Here are two guys perplexed by labels, rubrics and categories and the difficulties attending their use.
Tony Jones sat down and puzzled at length before writing: [Emergents] "have a particular antipathy toward rubrics, labels, and categorizations. They seem to us convenient ways of boxing someone in, which all too often leads to writing someone off."
First is Dave Doran, the Barney Fife of Fundamentalism, a man who has devoted his life to the confusion of seminarians, (often by means of boxing in and writing off). Now those seminarians are seeking accommodations in a part of town he disapproves of. He attributes this emigration to confusing labels.
I guess I find myself back at a spot where most of these discussions end for me these days. I think they are all handicapped by the use of labels from the 20th century which no longer fit and, therefore, don't serve the discussion well. By thinking of three circles-new evangelicalism, conservative evangelicalism, and fundamentalism-all of the energy of the discussion goes into who's in and who's out. The unavoidable problem, though, is that nobody can define in and out at this stage of the game. So, where I differ with Bauder is that I don't think that we can say anything definitive about a group. We need to look at individual men and ministries, find out what they believe and how they apply those beliefs, and then draw our conclusions.

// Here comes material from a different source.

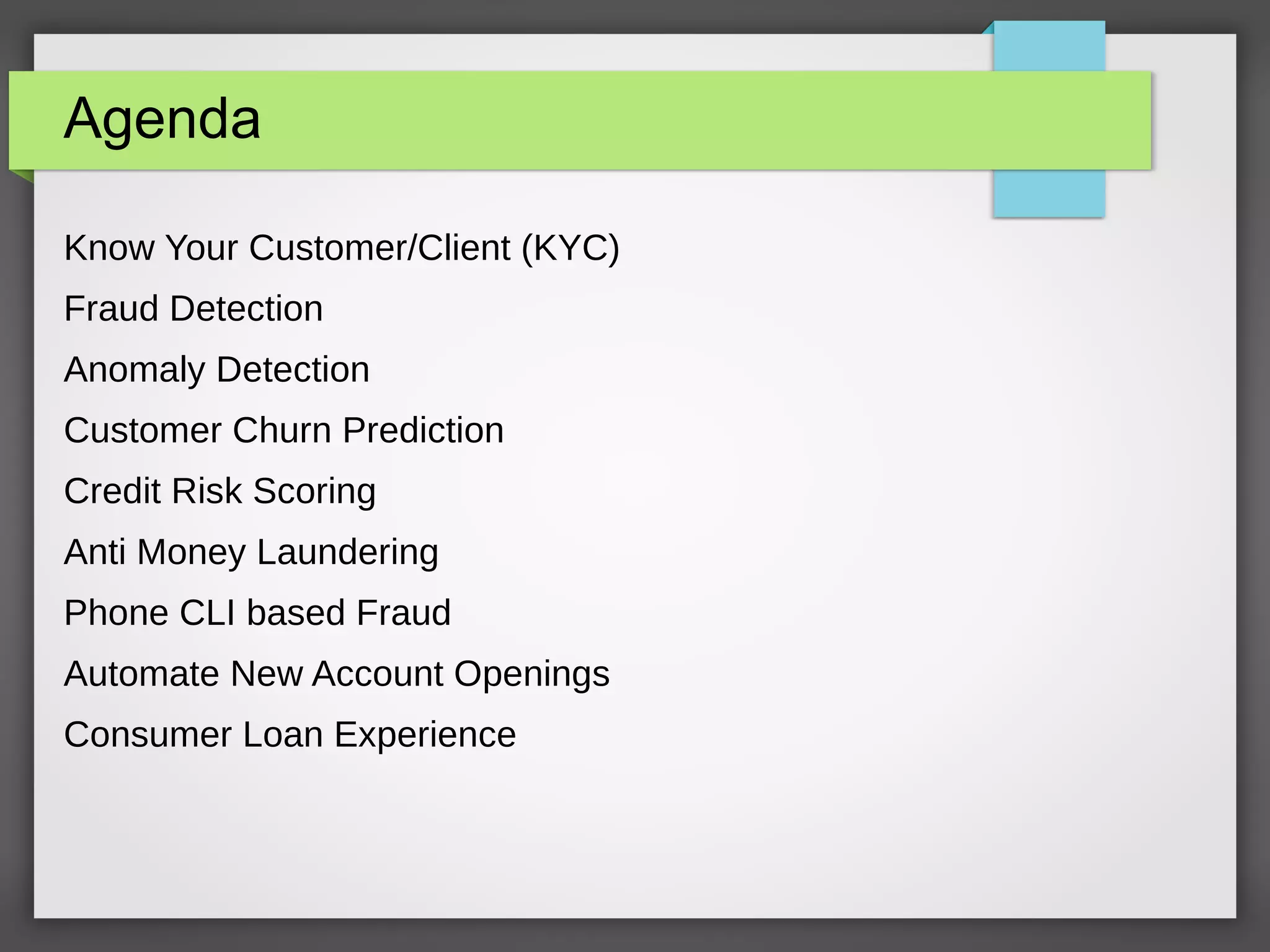 1) Know Your Customer/Client (KYC) and fraud detection using machine learning to analyze transactions and communications.

---Dave Doran, president of a Fundamentalist seminary
The second is Tony Jones, the Mr. Bean of Emergence, who understands conservatism just as well as Mike Morrell does. He too boxes in and writes off, but he does it from the other end of the spectrum.
Please allow me a tangent: Was Thomas Aquinas a "liberal" or a "conservative"? Well, we might at first paint him a conservative, for he rescued orthodox Christianity from a particularly stagnant period by recovering - i.e., conserving - scripture and tradition. But how did he do that? By entering into a thoroughgoing dialogue with the Aristotelian philosophy of medieval Islam. I daresay that if a theologian today were to admit that he or she was dipping into the wells of Muslim philosophy in order undergird Christian theology, that theologian would be condemned as having slipped off the slippery slope.
My point is that the question, Was Thomas a conservative or a liberal? is nonsensical, because "liberalism" and "conservatism" are modern categories, linked to modern (read, analytic) philosophical presuppositions. If I can make the point even more strongly, they are not theological categories. Thomas was not a liberal or a conservative, Paul was not a liberal or a conservative, Jesus was not a liberal or a conservative. And, if I may be so bold, I am not a liberal or a conservative. Those non-theological categories become less helpful each day. I suggest we stop using them. OK, end of tangent.
---Tony Jones, ex-national coordinator of Emergent Village
How do you suppose a good man might live in a world defined by Deputy Fifes and Mr. Beans?